Dans ce contexte, le point d’entrée d’IDN Network paraît au contraire très direct : ce n’est pas pour réparer ou ajuster l’ancien système, mais pour tenter de reconstruire une nouvelle logique de sécurité. Sa position semble couvrir des modules comme une blockchain publique de type Layer2 superposée à un portefeuille, des ponts inter-chaînes, des DEX et des applications au niveau entreprise, mais son cœur ne réside pas dans une simple « accumulation de fonctionnalités » ; il réside dans la capacité du système cryptographique résistant au quantique à la base et dans celle du réseau de distribution des données. En d’autres termes, ce qu’il vise n’est pas « aller plus vite », mais « rester sûr et utilisable à l’avenir » ; dans le contexte actuel du marché, ce sont deux directions entièrement différentes.

Le problème de nombreux projets vient du fait qu’ils ne font qu’optimiser un point précis : soit ils ne font que la chaîne, soit ils ne font que l’application. Au final, il devient difficile de former une boucle fermée complète. Or, la voie choisie par IDN est plus difficile : construire en même temps une chaîne, un portefeuille, un système complet de circulation d’actifs et une passerelle d’accès aux applications. En particulier, au niveau du portefeuille, il ne s’agit plus seulement d’un outil de stockage d’actifs : c’est l’entrée centrale de tout l’écosystème, portant des fonctions comme la gestion d’actifs multi-chaînes, l’interaction avec les DApp, les paiements transfrontaliers, ainsi que la gestion de l’identité et des données des utilisateurs — et cela se reflète de façon très claire dans sa conception et ses scénarios d’utilisation. Fondamentalement, cette structure résout en même temps les problèmes de « circulation des actifs » et de « circulation des données », au lieu d’optimiser un seul maillon.

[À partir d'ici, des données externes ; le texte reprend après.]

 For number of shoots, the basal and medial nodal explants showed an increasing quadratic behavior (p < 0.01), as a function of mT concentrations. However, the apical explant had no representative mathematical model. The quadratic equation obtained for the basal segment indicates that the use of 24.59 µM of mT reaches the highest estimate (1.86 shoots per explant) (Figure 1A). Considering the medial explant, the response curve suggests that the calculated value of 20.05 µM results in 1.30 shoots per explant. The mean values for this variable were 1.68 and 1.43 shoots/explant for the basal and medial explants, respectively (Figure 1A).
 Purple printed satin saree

Pourquoi ce récit commence à avoir un sens seulement maintenant

Du point de vue du cycle de l’industrie, cette voie tombe justement au moment d’un tournant en train de se produire, mais pas encore pleinement visible. Jusqu’ici, le marché se focalisait sur les rendements élevés, les hauts APY et le retour à court terme ; après plusieurs vagues de dé-sélection des projets, le marché se tourne progressivement vers l’attention accordée à la valeur réelle, à la sécurité à long terme et à la stabilité du système. Seulement, cette transformation ne se fera pas en lançant des slogans : elle se traduira par des choix de capitaux. À ce stade, les projets dotés de capacités de base ne sont souvent pas compris immédiatement, mais une fois que le récit bascule, l’ampleur de la réévaluation de leur valeur est généralement amplifiée.

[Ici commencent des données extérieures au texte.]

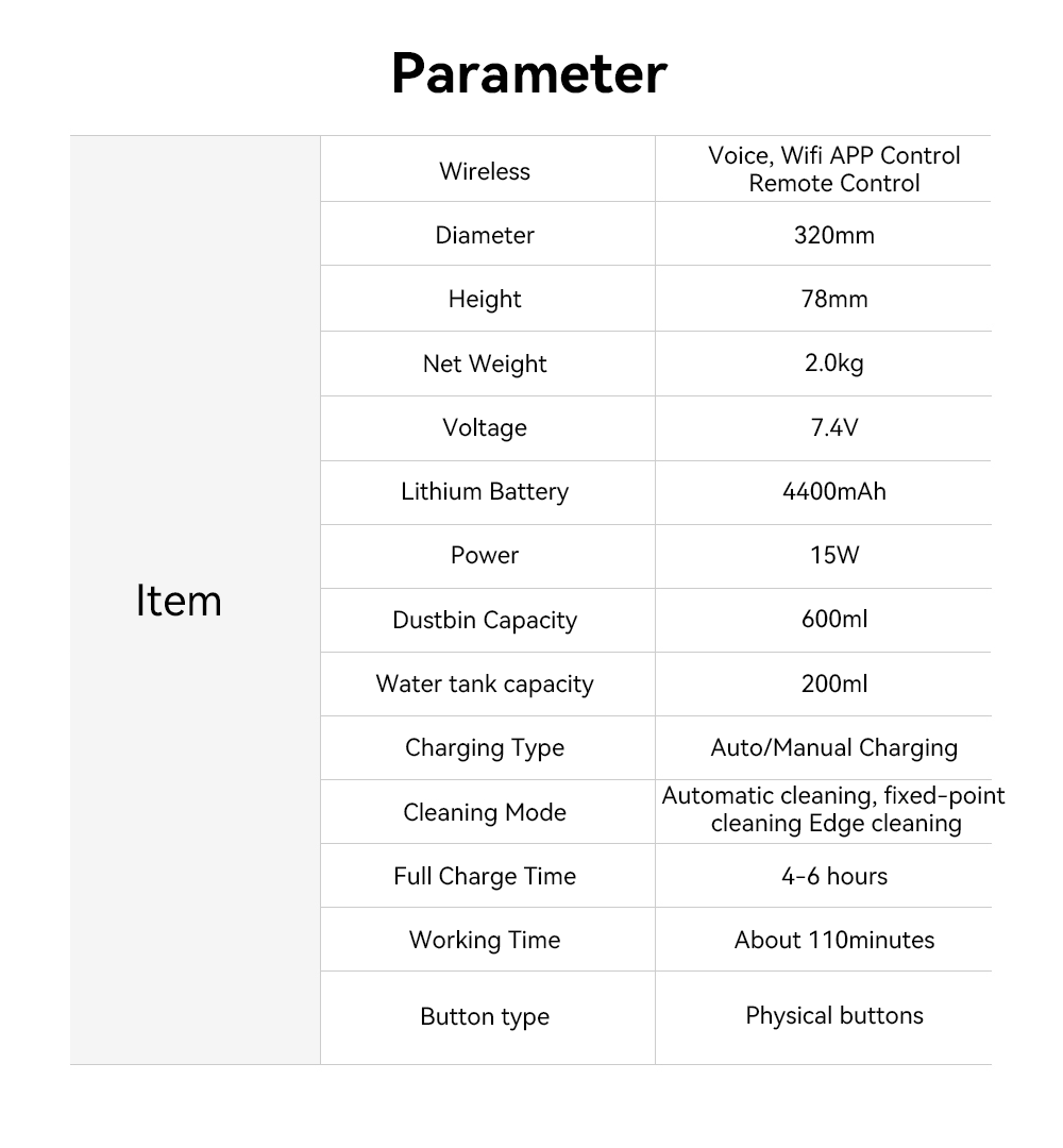 - Bionic Algorithm—Ensures high-precision cleaning, navigating precisely without deviation. Integrated

Conclusion : les vraies opportunités viennent souvent d’endroits qui « n’ont pas encore été compris »

Chaque cycle de l’industrie est, dans l’essentiel, un processus de filtrage. Le cycle précédent filtrait la capacité narrative, et cette fois-ci le tri commence à se faire sur la capacité de survie. Ce qu’IDN Network fait aujourd’hui n’est peut-être pas encore largement compris, et cela semble même pas assez « sexy », mais lorsque la sécurité deviendra le récit central de la prochaine phase, les projets qui disposent réellement de capacités à la base ne seront souvent pas des réponses improvisées, mais plutôt ceux qui ont déjà été planifiés en amont.